Jednym z rozwiązań, gwarantującym przede wszystkim dostęp do wykwalifikowanych specjalistów i terapii, mogą być ubezpieczenia szpitalne. Według raportu „Mapa ryzyka Polaków”, strach przed brakiem środków na specjalistyczne leczenie ciężkiej choroby to druga z naszych największych obaw, co potwierdza aż 80% ankietowanych.

– Obserwujemy pojawiające się oferty ubezpieczeń komplementarnych, finansujących trudno dostępne usługi, nie tylko w czasie kryzysu związanego z pandemią. Są to np. drogie, nierefundowane terapie. Wciąż czekamy na ubezpieczenia szpitalne o kompleksowym zakresie, natomiast naszą główną potrzebą jest dziś dostęp do lekarza pierwszego kontaktu i specjalistycznej opieki medycznej. W zależności od rozwoju sytuacji, nowe rodzaje ubezpieczeń mogą również zyskać na popularności – dodaje Dorota M. Fal.
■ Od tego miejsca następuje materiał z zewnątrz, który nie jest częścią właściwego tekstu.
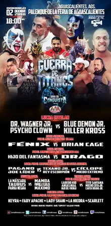 Starting in 1997 the Mexican professional wrestling, company AAA has held a major wrestling show late in the year, either November or December, called Guerra de Titanes ("War of the Titans"). The show often features championship matches or Lucha de Apuestas or bet matches where the competitors risked their wrestling mask or hair on the outcome of the match. In Lucha Libre the Lucha de Apuetas match is considered more prestigious than a championship match and a lot of the major shows feature one or more Apuesta matches. The Guerra de Titanes show is hosted by a new location each year, emanating from cities such as Madero, Chihuahua, Chihuahua, Mexico City, Guadalajara, Jalisco and more.[1] In 2016 AAA moved the Guerra de Titanes show to January,[2] with the 2017 version continuing that trend.

Czytaj: We Wrocławiu powstanie pierwszy ośrodek leczenia otyłości

Przygnębiające statystyki

Zgodnie z badaniem przeprowadzonym w październiku 2021 roku przez CBOS aż 2 na 3 respondentów jest niezadowolonych z funkcjonowania opieki zdrowotnej w Polsce i tylko 29% ocenia ją pozytywnie.

Dodatkowo, najwięcej badanych uważa, że trudno dostać się do specjalisty w ramach NFZ, a w szpitalach jest niewystarczająca liczba personelu. Problem z brakami kadrowymi zauważa nawet Komisja Europejska, która w raporcie przygotowanym razem z OECD wskazuje, polski system publicznej opieki zdrowotnej boryka się z niedoborem kadry medycznej, dostępnością lekarzy specjalistów i wysokimi kosztami, jakie ponoszą pacjenci leczący się prywatnie.